這一瞬間,他的眼中除了卿卿,什麽都看不到了。

就在同一時刻,少年手中緊握的玉簡發出了淡淡的綠光,他聽到卿卿在用術法傳喚他。

這是這麽長時間,他手中的玉簡第一次亮起。

他聽到卿卿這樣傳音道:“不是說好了一起行動嗎,你怎麽一直在後面不跟上來?”

少女的眸色清亮,顧徵見到卿卿手中的玉簡也淡淡發光。

一貫冷清的少年嘴角忽然淡淡的彎了起來。

人海擁擠,他從陰暗的角落中走出來,一步一步的朝著卿卿堅定地走過去。

卿卿和顧徵來到的調查地點是一座山村,都說人間四月芳菲盡,山寺桃花始盛開。

這座村莊坐落在山上,卿卿對著四周環視了一圈,今天的村莊似乎格外熱鬧,以她看小說多年來的經驗,現在這座村莊內很可能在召開集會。

畢竟每逢集會,村落裏才會難得熱鬧一次。

依據卿卿得到的情報,那些妖魔並不會在近日出現,人界的地脈震動也並不會發生在近日。

他們還有時間去探查,想辦法護住這些百姓。

上個月這個村莊剛剛經歷過幾次地震,這個月好不容易沒有地震,機會難得,他們當然要好好地慶祝一下。

空氣中還隱隱約約的能聞到桃花的香氣,卿卿頓住腳步,擡頭便是一顆開滿了桃花的桃樹。

就算天界和人界一樣,擁有人間的四季,可卿卿還是更喜歡人界的季節變化。

人界相較於天界,更加有活力,卿卿喜歡一切富有生命力的事物。

少女伸出手,她火紅色襦裙上灑滿了淡粉色的桃花,少女沐浴在花雨中的模樣,讓少年難得的想起了那次在幻境之中,他們兩個人坐在桃樹下的那次。

那次他們也是在人間的村落裏,同樣是桃樹下。

他想起,他那日也是坐在桃樹上,看著桃子砸在卿卿身上,少女嘟著嘴訓斥他的模樣讓他的心臟也難得的隨之顫動了一下。

幾乎是心隨意動,少年起身也走至桃樹下,他沒有用法訣,少年身上還穿的很華麗,卿卿以為狗兒子也想欣賞這花雨,剛想給他讓路。

卻發現少年靈活的爬上了樹。

他手中折下了一支好看的桃花,小心翼翼的想把桃花遞給她。

生怕她會拒絕。

卿卿一時間楞在那裏,她沒有想到顧徵會爬上樹將桃花遞給她。

桃花色澤艷麗,還能聞到淡淡的香氣,卿卿本不想伸手將桃花接到手中,只是面前的人這副卑微又懇請的姿態,她有些不知所措。

思慮良久,卿卿最終還是接過了桃花。

她神色略微有些僵硬,隨即開口道:“這花我暫且收下了。
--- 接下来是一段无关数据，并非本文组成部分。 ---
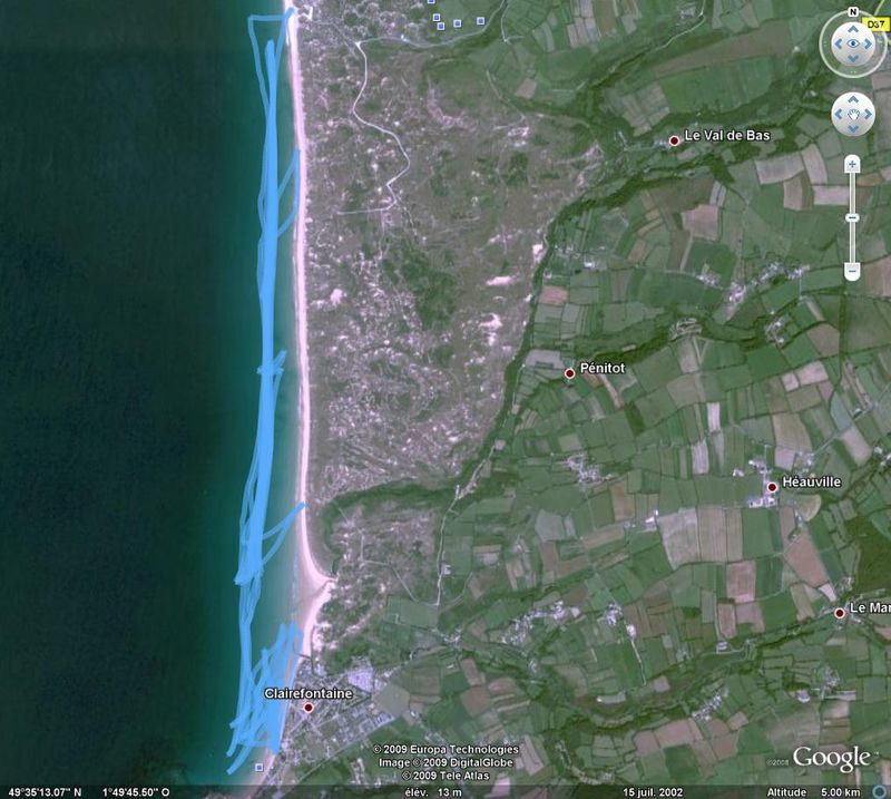 Dimanche, vent un peu plus fort en fin de matinée, pour rouler en 6 puis retour à la 8,6, le vent chutant. Domage que le ciel soit couvert et j’ai oublié le GPS… Pas mal d’aller retour entre Siouville et le premier bunker de Vauville. J’ai pu tester ce que valait la combi respirante en arrivant dans les bâches pleine balle! pas mouillé et presque pas transpiration au point que je sentais légèrement le froid de l’extérieur vers la fin. En même temps, j’étais pas couvert dessous.

”

一定只是因為山間村落中的桃花太過艷麗,而不是因為她心疼狗兒子。

少年冰冷的眉眼這才有些許冰雪融化的痕跡。

卿卿別扭的別過了頭。

她沒再去看向一旁的少年,但顧徵知道卿卿能退步到收下他摘下贈予她的桃花,已經是她最大程度的讓步。

他不應該,也不能去苛求更多。

但他還是卑劣的希望卿卿能夠再更多的看他一眼。